ですから、貴方は病人を医者として見るふりをして、まじないの呪文を唱えて、死神を退散させれば、医者のように振舞う事ができます。
ただし!3つだけ、守らなければならないご法度が有ります。それは、まず、魔界の青ざし五貫文の話は勿論、死神が見える事や、死神退散の呪文も、絶対に他言無用の事。家族にも喋らない様に。
次に、死神ですが、病人に取り憑く時、二つの場合があります。まず、枕元に死神が居る場合です。
これは、死神が病人の死期を見定めているので、呪文を使っても、病人は助けられません。しかも死神から恨みを買い、貴方の命に関わる不幸が起きるので、死神が枕元に居る場合は、何もせず、静観して下さい。
一方、死神が足元に居る場合は、死神を呪文を使って、退散させられます。この時には、医者らしく振舞って病人を死神から助けて下さい。
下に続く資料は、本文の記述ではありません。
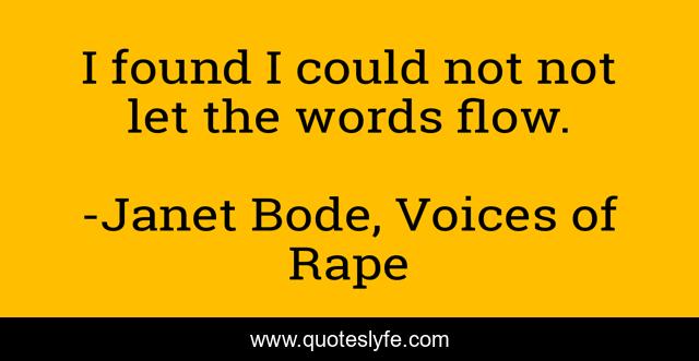 This page presents the quote "I found I could not not let the words flow.". Author of this quote is Janet Bode, Voices of Rape. This quote is about rape, voices,.

最後に、これが一番重要な決め式かもしれません。それは、万一、貴方が医者を辞めたくなった場合です。その時は、医者を辞めた!と、閻魔大王に向かって宣言する必要があります。」
銀南「秘密を守り、枕元に居る死神は静観するのは、いいとして、医者を辞める場合の、閻魔様に宣言するのは、どうしたらいいんだい?」
死神「こちらの笛を吹いてくだされば、私が貴方の元に現れて、閻魔大王に、貴方の声をお伝えします。」
銀南「何だか妙チクリンな笛だなぁ、芋みたいな形をしてやがる!!」
死神「オカリナと言う西洋の笛です。悪魔とか、鬼の類は、だいたいこの笛で呼び出すようになっております。アッ!今吹かないで下さい。私の頭から湯気が出るんで。。。」
死神「他に質問がなければ、早速、貴方を医者にしますが。。。」
銀南「何んか怖いけど、虎穴に入らずんば虎子を得ずだ!鬼五郎さん!やっつくれい!」
死神「では、まず、死神が見える目にします。アブラだ、カタブラぁ、閻魔の目ぇーー!!どうです?私の本当の姿が、見えていますか?」
銀南「ワッ!何だ、お前さんは。面が牛じゃねぇーか?!お前も死神なのかい?」
死神「のようなもの、ですねぇ。次に、呪文を教えます。二度と言わないので、キッチリ!覚えて下さい。
アジャラか、木蓮、どぶロック!! フニャチンだと往生します!!
これを唱えて、柏手をパンパンと、二回叩きます。」
銀南「えぇー本当かよ!!アジャラか、木蓮、どぶロック!! フニャチンだと往生します!!、パンパン!!
本当に、こんな呪文で。。。アレアレ、鬼五郎さん!何処へ。。。あんたも、死神なのか?!」
銀南は、半信半疑でしたが、死ぬよりはマシだ!と思った。そして重い足取りで家にたどり着いた。